Standing on the tube station platform on the way home, as the train came in it slowed and passed me by before stopping, I saw all these people inside whizzing past and I thought of one of those wheel of fortune games at Las Vegas, you dont know what your going to get until it stops and the doors open. It could be a Lithuanian netball team, a carriage full of pumped up adolescent gangsta rappers or swivel eyed raving mouth breathers wanting to alternately be your best friend and kill, rape and eat you. Its the Lottery Tube of Life.

I couldn't resist nipping into Yummy on the way home, you will remember that is the name of my local Chinese take away. Yummy, not The Golden Yummy, or The Yummy Lantern, or even just The Yummy Yummy. It could be called The Reeking Yum, that would be good. But anyway, I digress, I wanted chips and curry sauce, a staple of the Scots diet, but when I got home I found it didn't come all ready combined in a silver tray with a fork, it came in a paper bag with an accompanying tub of curry sauce. That could have been disastrous if I had wanted to eat them on the way home. How would I have managed that? They gave us gunpowder, toiletpaper and the hydraulic powered armillary sphere, but these Chinese couldn't even give me a takeaway to eat on the way home.

Lang may yer lum reek.

Thursday, July 22, 2010

Imponderable


Evening Reekers,

There is a house across the road with a great big home made banner hanging out the window that says, "Happy 1st Birthday Ruby". Who is that for, I cant imagine Ruby being all that impressed at 1 year old.

Thats one imponderable but please take a minute to ponder on these imponderables: Well, it stopped me sinking deeper into my own personal pit of despair for a wee while.


1. If you take an Oriental person and spin them around several times, does he become disoriented?


2. If people from Poland are called Poles, why aren't people from
Holland called Holes?

3. Do infants enjoy infancy as much as adults enjoy adultery?

4. If a pig loses its voice, is it disgruntled?

5. If love is blind, why is lingerie so popular?

6. Why is the man who invests all your money called a broker?

7. When cheese gets its picture taken, what does it say?

8. Why is a person who plays the piano called a pianist but a person who drives a racing car not called a racist?

9. Why are a wise man and a wise guy opposites?

10. Why do overlook and oversee mean opposite things?

11. Why isn't the number 11 pronounced onety one?

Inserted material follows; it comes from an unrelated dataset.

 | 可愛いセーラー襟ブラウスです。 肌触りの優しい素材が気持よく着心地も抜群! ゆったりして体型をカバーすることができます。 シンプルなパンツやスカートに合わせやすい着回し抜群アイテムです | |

12. 'I am' is reportedly the shortest sentence in the English language.
Could it be that 'I do' is the longest sentence?

13. If lawyers are disbarred and clergymen defrocked, doesn't it follow
That electricians can be delighted, musicians denoted, cowboys deranged,
Models deposed, tree surgeons debarked, and dry cleaners depressed?


14. What hair colour do they put on the driver's licences of bald men?

15. I thought about how mothers feed their babies with tiny little spoons and forks so I wondered what do Chinese mothers use? Toothpicks?

16. Why do they put pictures of criminals up in the Post Office? What
Are we supposed to do, write to them? Why don't they just put their pictures on the postage stamps so the postmen can look for them while they deliver the mail?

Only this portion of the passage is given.